First, you have to realize that the federal funds rate, and in fact all the rates the Fed directly sets, are very short-term rates. Mortgage rates are long-term rates. They respond to different factors, and often move higher when the Fed rates are moving lower.
So, mortgage rates have been on a wild ride the last couple weeks with rates falling to record lows, then bouncing 25% higher in just one week. The reason they fell so quickly is the same as the reason the Fed acted this weekend: the pandemic is slowing our economy. But it looks like the virus is going to be with us for a while, so why didn’t rates remain at record lows?
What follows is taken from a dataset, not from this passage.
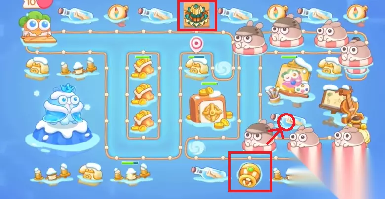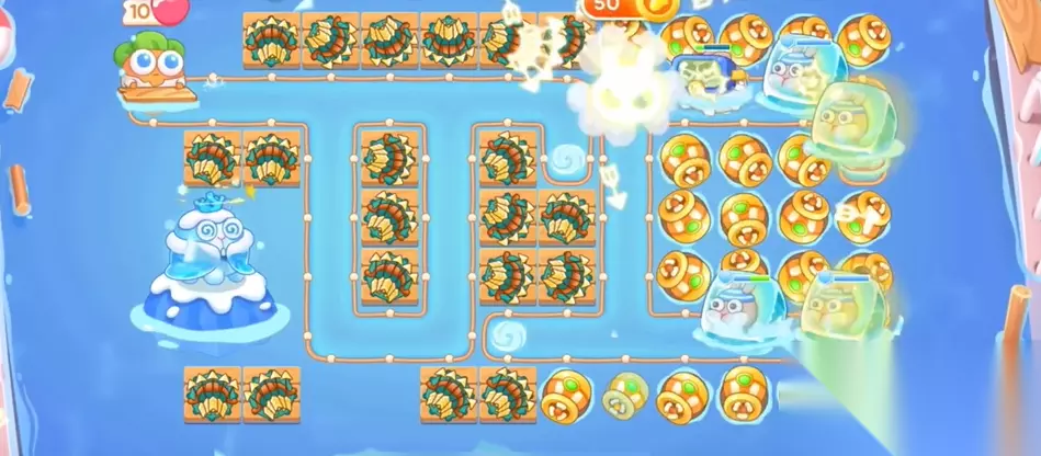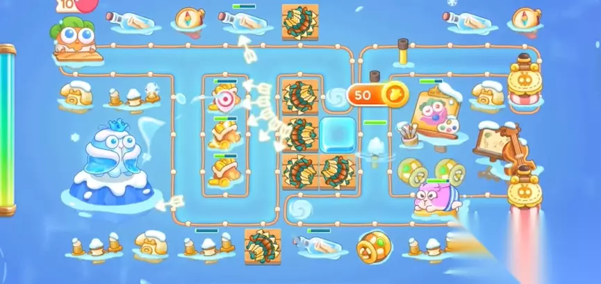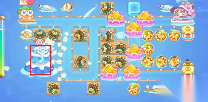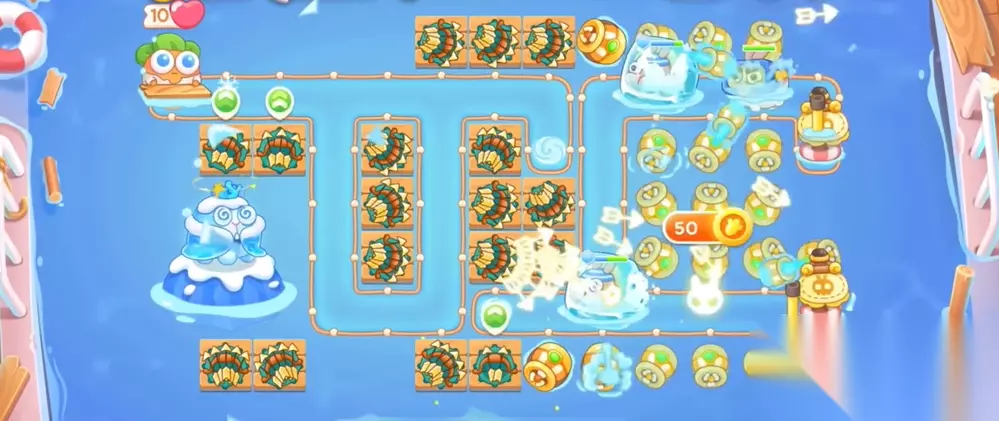 2、开局首先在上面的地方放分裂箭,下面放鱼类,优先将图中的漂流瓶给打掉,种上鱼雷。

Let’s analyze the causes and predict what will happen over the coming weeks.
Mortgage rates are a reflection of the price investors are willing to pay for mortgage-backed securities – basically, your mortgage bundled with a bunch of others as an investment. That price is influenced by a number of factors. We discuss some of those factors regularly, such as expectations for economic growth and expectations of inflation. It’s economic growth expectations that caused rates to plummet a couple weeks ago.
But we had other negative factors come into play last week.
- – One of those factors we call runoff. As we’ve discussed before, investors buy mortgage bonds expecting to earn interest over a number of years. When mortgages pay off early, such as through refinance, investors actually may lose money. In response, investors lower the price they’re willing to pay for mortgage securities, which results in higher rates.
- – A second factor is basic economics: supply and demand. The drop in rates generated an enormous number of mortgage applications. We didn’t have enough investors to absorb all that supply. On top of that, investors didn’t seem to be the mood to buy much of anything last week as prices dropped in most markets.
- – Finally, lenders’ systems were overwhelmed with the volume of new applications, and many of them raised their rates as a means of throttling that volume.
So, what’s next? While the federal funds rate announcement isn’t going to lead to lower rates, one of the Fed’s other actions may. The Fed is stepping into the market to buy a small amount of mortgage-backed securities. It appears this is returning liquidity to the market as rates have dropped a little today.
It probably will take a few weeks to dissipate the other negative factors, but I suspect the positive factors, slowing economy and negligible inflation, will still be in place. And once that happens, we could see record low mortgage rates again.